Sunday, September 02, 2001

I've had a fun couple of days. Saturday was Brian's birthday so I took him out for dinner at Beck’s. Latter we went for drinks at the workshop. Brian was in a real party mood, so we had 3 boilermakers (Pint of beer with a shot of whisky) in about 1 hour. The bartender cut us off. Luckily I didn't have a hangover Saturday morning.

Saturday afternoon I went to a great BBQ at R&J's place. One of the guys there, JB, brought his two daughters. Now JB is an entomologist for the U.W. He raised his daughters to be unafraid of bugs and slugs. One of the girls started playing with a large brown slug. While it was sliding over her hand she would show it to anyone to try and gross him or her out. After a while she got bored of the slug and stopped playing with it. Of course her hand was still covered in slug slime. When she tried to wash her hands, the slime wouldn't come off! She and J scrubbed for 20 minutes.
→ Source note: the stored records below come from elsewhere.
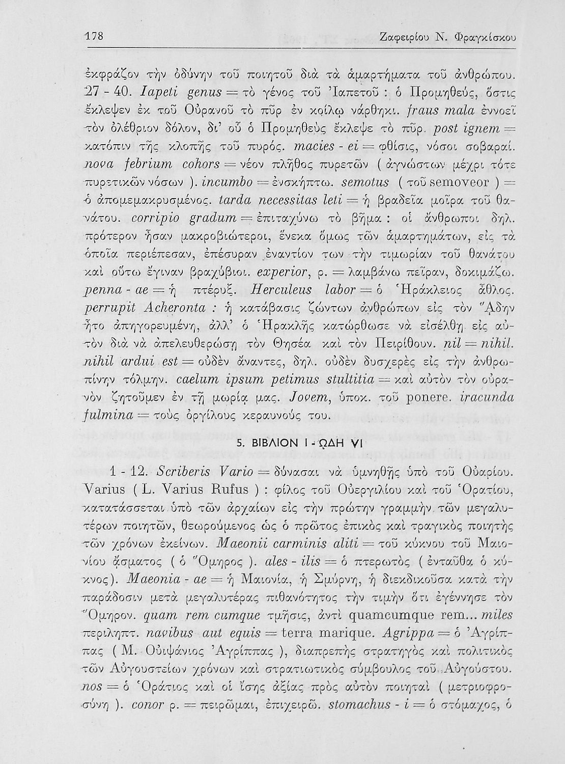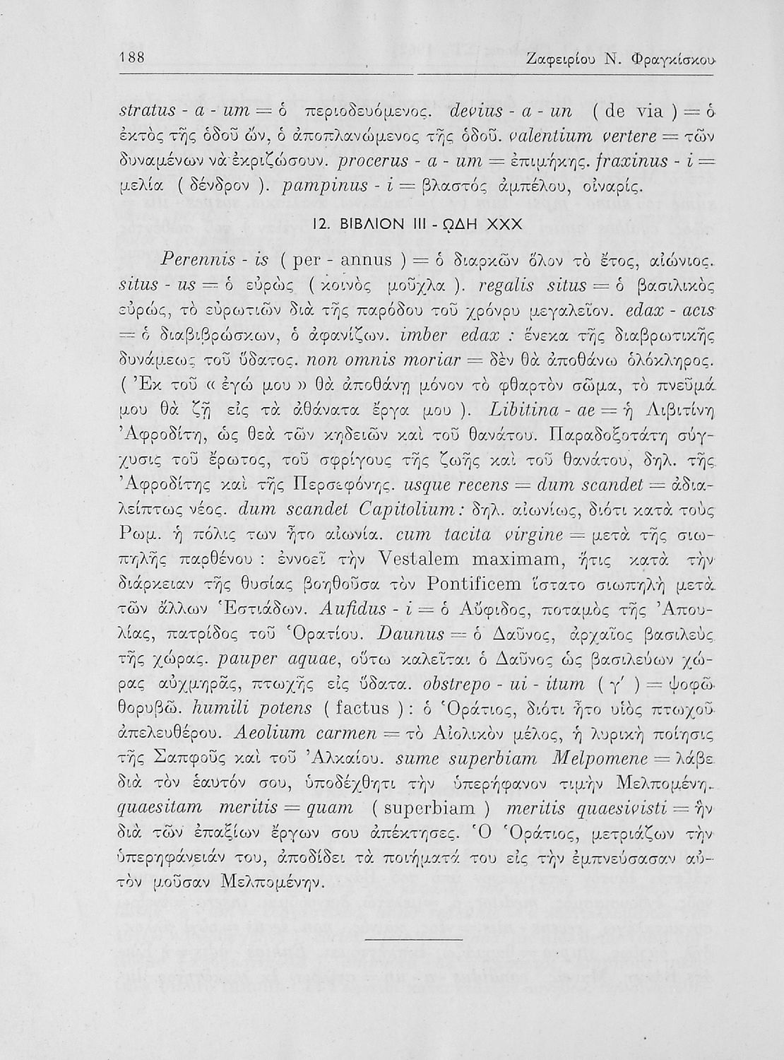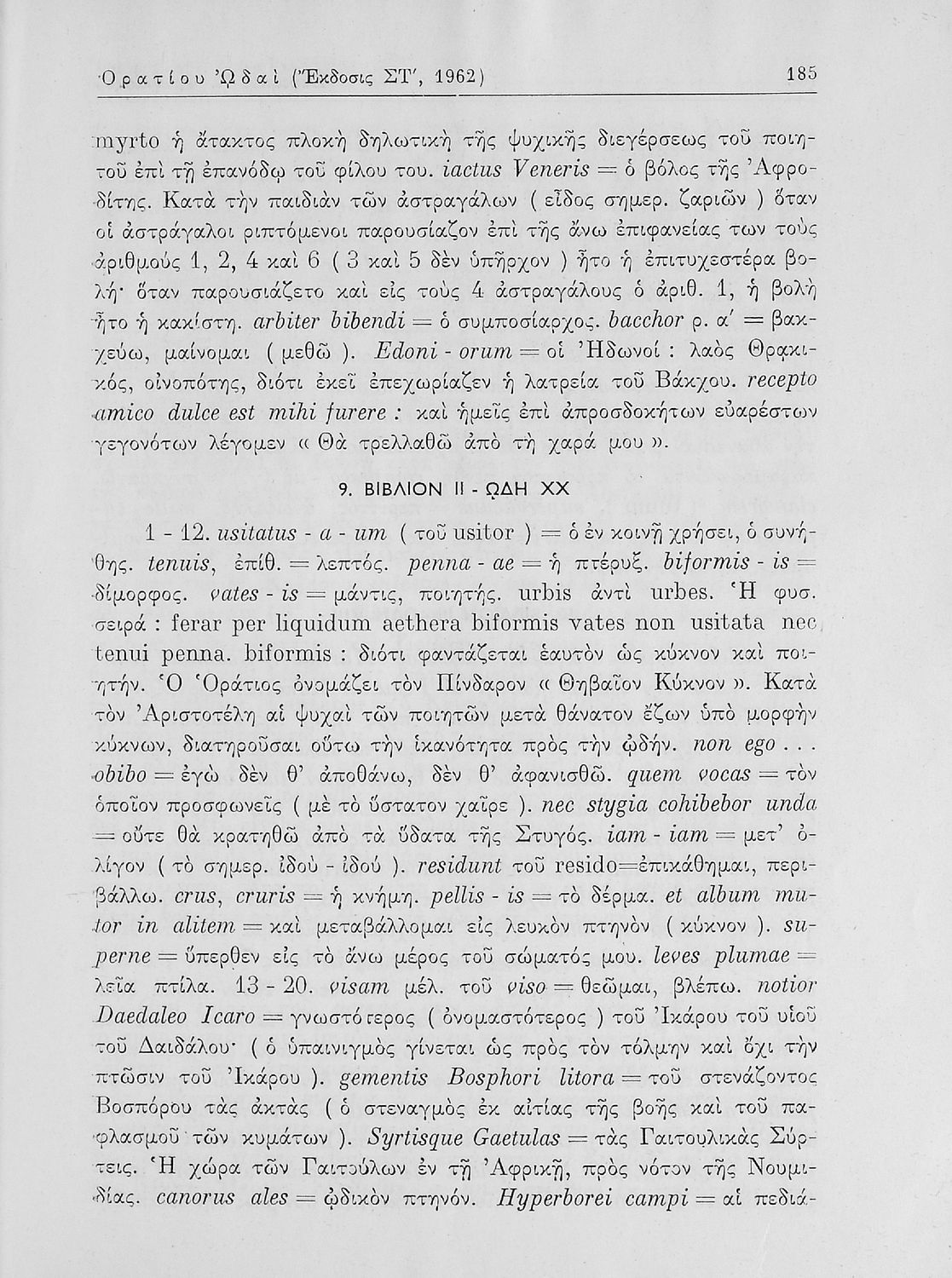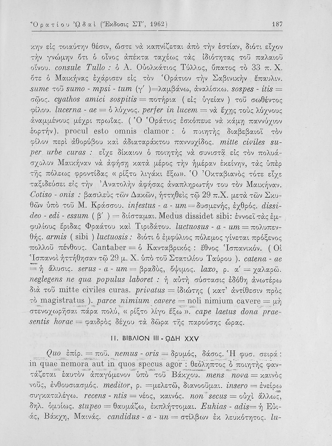 Πόπλιος Βιργίλιος Μάρων (P. Vergilius Maro), Μάρκος Τύλλιος Κικέρωνας (Marcus Tullius Ciceco), Κουίντος Οράτιος Φλάκκος (Q. Horati Flacci), Φωκίωνας Β. Βουσβούνης, Ερρίκος Σκάσσης, Ζαφείριος Ν. Φραγκίσκος (σχόλια)
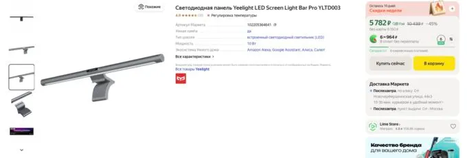 Сейчас на Яндекс Маркете топовую лампу Yeelight LED Screen Light Bar Pro можно купить всего за 5782 рубля. Также не забывайте про кэшбеки некоторых банков, которые помогут ещё больше сэкономить на покупке.
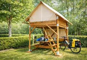 Dans ce camping de charme de 4*, cette cabane surélevée est particulièrement adaptée aux cyclotouristes de passage. En hauteur on y trouve une terrasse ainsi que la partie nuit avec 2 lits de 90x190. Au sol : un coin repas abrité avec réfrigérateur et plaques de cuisson.
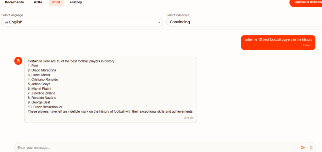 Rytr posiada również zakładkę z czatem, którą możesz skojarzyć z Chat GPT, wszak korzysta ona z tej samej technologii, choć nie najnowszej, bo z GPT-3, a nie GPT-4. Sam czat jest bardzo zbliżony działaniem do Chat GPT. Po prostu wpisujesz pytanie i po kilku sekundach otrzymujesz odpowiedź.
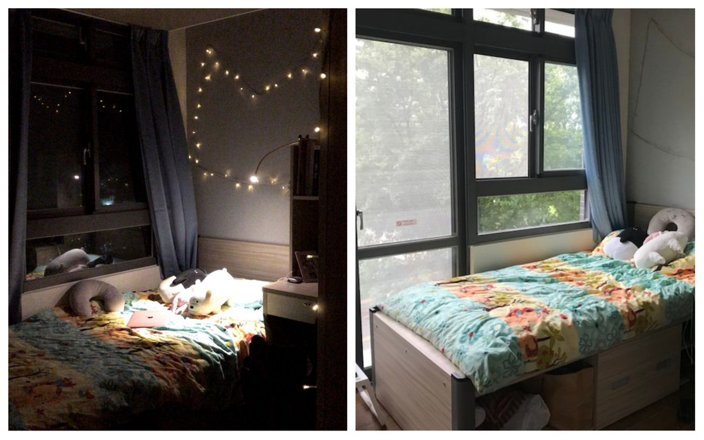 ▲女大生表示,床旁邊有大片落地窗,完全就是夢寐以求的房間。(圖/翻攝DCARD)

They used comet and a pot scrubber. It still wouldn't come off. JB told us this was the natural defense of the common brown slug. The slime also has anesthetic properties. When they are attacked; the attacker is all gummed up and goes numb.

JB said that once when he was teaching, to demonstrate the anesthetic properties of slug slime, he licked a brown slug for his students. His tongue went numb and he started talking weird.

JB's two girls are 5&6. They latched on the Kam and kept trying to tickle him. Kam's ex, Margaret, told the girls about wet-willies and got the girls to try and give one to Kam. It was hilarious. Kam was a good sport about being harassed by the girls. I couldn't let an opportunity like that go by-- I pinned Kam down and let the girls give him a wet-willy.

Imagine being given a wet-willy by a girl whose fingers are covered in slug slim.

It was Kam's birthday. After the girls left we opened up Kam's presents. He got an inflatable love-cow, some really gross porn, a case bullets, and a teabag. Why? That's a very long story that Kam tells best.

B&M were there. M is pregnant and expecting any day now. They mentioned that every time M has an ultrasound the doctor or nurse makes a joke about how well endowed the baby is. They are not sure what to expect. They are ‘selling’ relationship status with the baby. For 5 diaper changes you can be called an uncle. For 50, you get to be the God Father. For 150 000, you get to name the baby.

We had a lot of good conversation-- most of it normal. But with R and Kam, normal isn’t good enough. So we had a long talk about bowel movements, why R is afraid of public restrooms and how Kam can pee in an Evian bottle while driving in a snowstorm. Another long story; one that they tell best.